Visual_Synthesizer@reddit (OP)
Yes. The 198 tok/s is with NEXTN speculative decoding (5 steps, 6 draft tokens) on SGLang. Without speculation the same setup does \~120 tok/s. The 122B has built-in MTP heads that NEXTN uses as the draft model, so no separate drafter needed. Full launch command with all the flags is in the repo.
Interesting-Town-433@reddit
Did you evaluate other speculative decoders?
Visual_Synthesizer@reddit (OP)
yeah a bit buggy and all over the place. will post more results when i get the time
Interesting-Town-433@reddit
Yeah lmk I'm optimizing these things atm so lmk happy to help if you want to test some of my builds, dm me
JayPSec@reddit
Please provide links for the models used.
libbyt91@reddit
20,000+ budget build, lol
Visual_Synthesizer@reddit (OP)
The good news is that this scales down to gen 4 parts, and gen 4 PLX switches are cheap! Think of it as a blueprint. i could do this with 3090s hacked to 48gb or 4090s hacked to 48gb and make a really nice inference engine
NoahFect@reddit
Very cool. Will it scale to 4x RTX6000 boards, or does the PCIe switch method only support 2x?
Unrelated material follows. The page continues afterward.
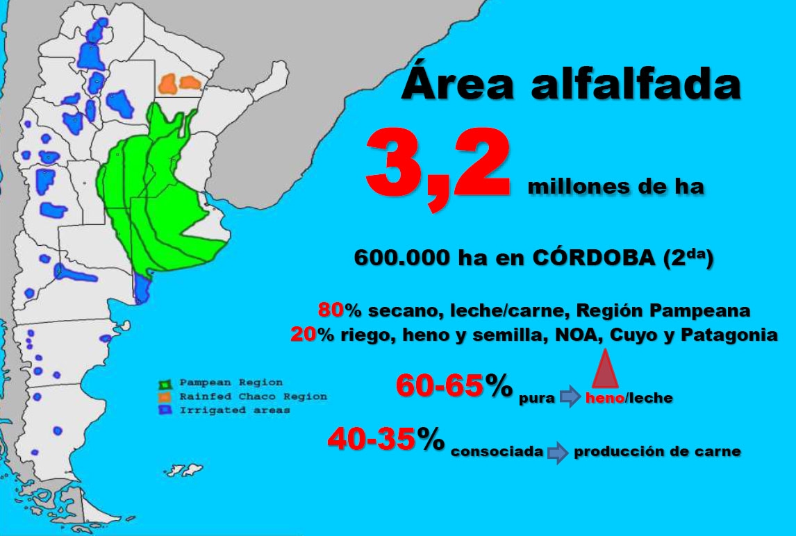 Nuestro país tiene una superficie de 3.200.000 hectáreas sembradas con alfalfa pura (que incluye a pasturas consociadas base alfalfa) y la inmensa mayoría de su producción va al mercado interno. Sólo se exportan unas 40 mil toneladas entre heno, pellets y cubos. De acuerdo a datos aportados por el Ministerio de Agricultura de la Nación, en 2017 Argentina exportó 54.500 toneladas y en 2018 ese número bajó a 38.998 toneladas, esto es el 0,2% del mercado mundial. Estos datos fueron aportados en la conferencia de prensa que tuvo lugar en la Sala de Sesiones del Rectorado de la Universidad Nacional de Villa María.
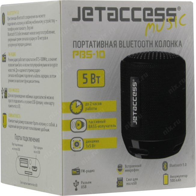 Ниже Вы можете прочитать отзывы на Колонка Jet.A PBS-10 Black (5w, Usb, Bluetooth, microSD, FM, Li-Ion), ознакомится с подробными характеристиками, посмотреть интересные обзоры и фотографии на Колонка Jet.A PBS-10 Black (5w, Usb, Bluetooth, microSD, FM, Li-Ion).

You haven't run into problems with DRAM << total VRAM? Seems like the conventional wisdom is that DRAM should be at least 2x VRAM.
Visual_Synthesizer@reddit (OP)
yes! the point is the scaling. the switch has 100 lanes and i think that would support 5 gpus on this board with single 16x root. for 2 gpus, its probally not worth bothering. but if you ever want to scale above that its ideal.
NoahFect@reddit
Thanks much. I'm getting increasingly interested in putting a 4x setup together.
This unit, right? With one of these and two of these?
What sort of support frame are you using to hold the GPUs?
JayPSec@reddit
correct pci lane switch
for 4xGPUs you'd need double the adapters and cables, plus a host board and 2 more mcio cables to connect your main pcie to the switch. The host board can be a retimer but that may be overkill.
In my case I have everything in case and the retimer host board was not needed. Bought [this](https://c-payne.com/products/mcio-pcie-gen5-host-adapter-x16-passive) instead.
JayPSec@reddit
c-payne?
JayPSec@reddit
I run 5 max-q with the same board on a 9950x and 128 of ddr5. No issues here.
aabelr@reddit
All data is public
Where are the links and Discord?
Look_0ver_There@reddit
Posting about $30K of equipment and calling it a "Budget Build" in the same breath is certainly something.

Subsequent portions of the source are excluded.